Don’t forget to protect your skin
Overexposure to UV rays can cause an over production of melanin and the pigmentation in the surrounding skin to darken. Wear a sunscreen daily.
Do watch your diet
Cut back on salty foods and alcohol. While salt contributes to your body’s fluid retention, drinking alcohol causes dehydration, and that in turn may lead to bags and dark circles under your eyes.
Do cold compress
To help reduce swelling and shrink dilated blood vessels in an instant, wrap a few ice cubes or dampen a washcloth with cold water and apply it to the area for 20 minutes. Repeat this process if the cloth becomes warm or when ice melts. You can also try cold tea bags as caffeine and antioxidants in tea can help stimulate blood circulation, shrink blood vessels, and reduce fluid retention. To use, first soak two black or green tea bags in hot water for five minutes then chill in the fridge for 15 to 20 minutes. Do rinse your eyes with cool water after use.
On top of lifestyle adjustments, try adding an eye treatment to your daily skincare routine. Under-eye darkness caused by excess brown pigment or melanin can be lightened with topical products. Find one with kojic acid or vitamin C to help brighten, green tea and aloe to soothe, and caffeine to constrict and firm the skin.
You should see a doctor if your under-eye swelling is severe and long-lasting, followed by redness, pain, or itching.
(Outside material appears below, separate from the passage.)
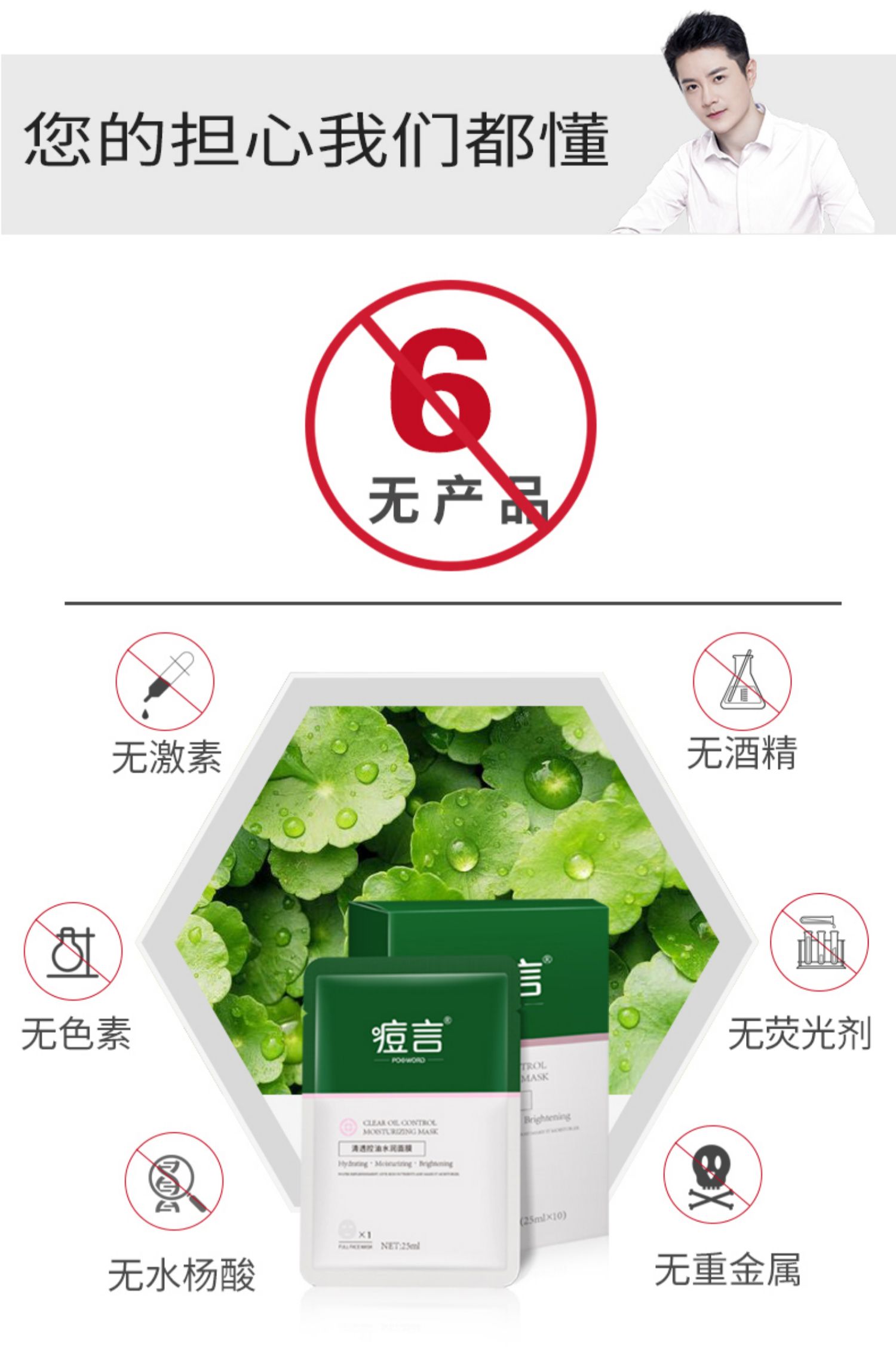 【药监局备案】痘言清透控油水润面膜,每片面膜高达25ml植萃精华,兰精天丝婴儿肌肤般细腻,牢牢锁住精华,蕴含多种养肤精萃成,草本植物配方,控油祛痘,修复痘肌!敷出水润透亮钻石肌!【赠运费险】

Your doctor may offer some long-term solutions, like prescription creams or other treatments that work to reduce swelling and discoloration. Medical treatment options include:
Light Based Therapies:
Fractional lasers create micro-injuries in the skin which in turn stimulates collagen production as a result of skin’s natural healing process. For loss of elasticity on the upper and lower eyelids, lasers and radio frequency treatments like Thermage will tighten and smoothen the skin. Side effects may include redness for a couple of days.
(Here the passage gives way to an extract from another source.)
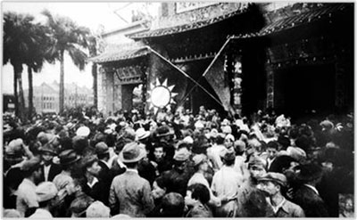 臺灣同胞在臺北中山堂受降會場外慶祝抗戰勝利。

Non Light-Based Treatments:
A professional grade peel like TCA administered by medical doctors can penetrate to the right skin depth to improve texture and tighten skin. Chemical peels that penetrate beyond the skins epidermis trigger the skin’s own wound healing ability to stimulate the production of collagen, elastin and hyaluronic acid, regulate growth factors, resulting in a thicker dermis, smoother surface and firmer skin.
Injecting hyaluronic acid fillers into the tear trough area (the grooves between the lower eyelid and the cheeks) can reduce the look of saggy eyes and dark circles. Fillers can help to lift skin up and away from blood vessels under the eyes, restoring volume and a smoother appearance. Side effects may include redness and bruising for a day or two.
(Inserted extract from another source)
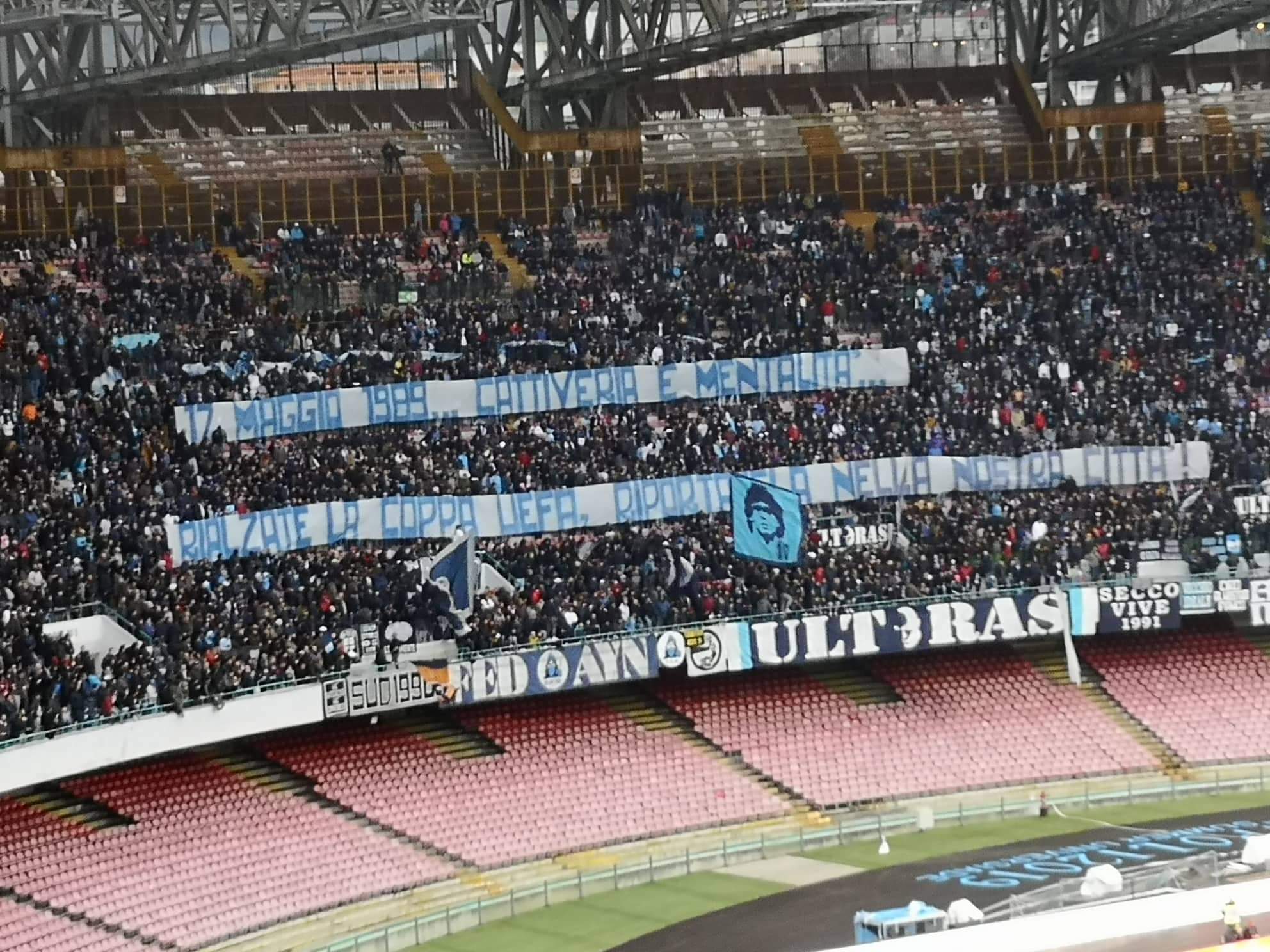 I tifosi del Napoli vogliono l’Europa League. Questo il messaggio lanciato con uno striscione esposto dalla Curva B prima dell’inizio della sfida alla Spal: “17 maggio 1989, cattiveria e mentalità. Rialzate la Coppa Uefa, Riportatela nella nostra città” in riferimento alla data del trionfo europeo contro lo Stoccarda.

This procedure involves fine needles puncturing the skin to inflict a controlled injury, which in turn rejuvenates the skin being treated. This treatment can help to reduce wrinkles, scarring, and pigmentation issues, like dark circles and under-eye bags.
A course of six sessions spaced a month or so apart is usually recommended.
Recovery time is relatively fast but some side effects like bleeding, bruising, infection and scarring may occur.
At-home kits are less effective and there’s risk of infection. This approach is not suitable for those who scar easily or have a history of keloids.
Blepharoplasty (Eyelid Surgery)
If the eye bags are too large or sagging skin is significant, blepharoplasty is the only answer. During surgery, excess fat and skin is removed through an incision in the natural crease of the upper eyelid or inside the lower lid followed by tiny stitches that dissolve over time.
Discuss with your doctor about the possible side effects such as dry or watery eyes, pain, swelling, bruising and blurred vision. Rare complications include visual impairment, bleeding, infection, injury to eye muscles, and corneal abrasion.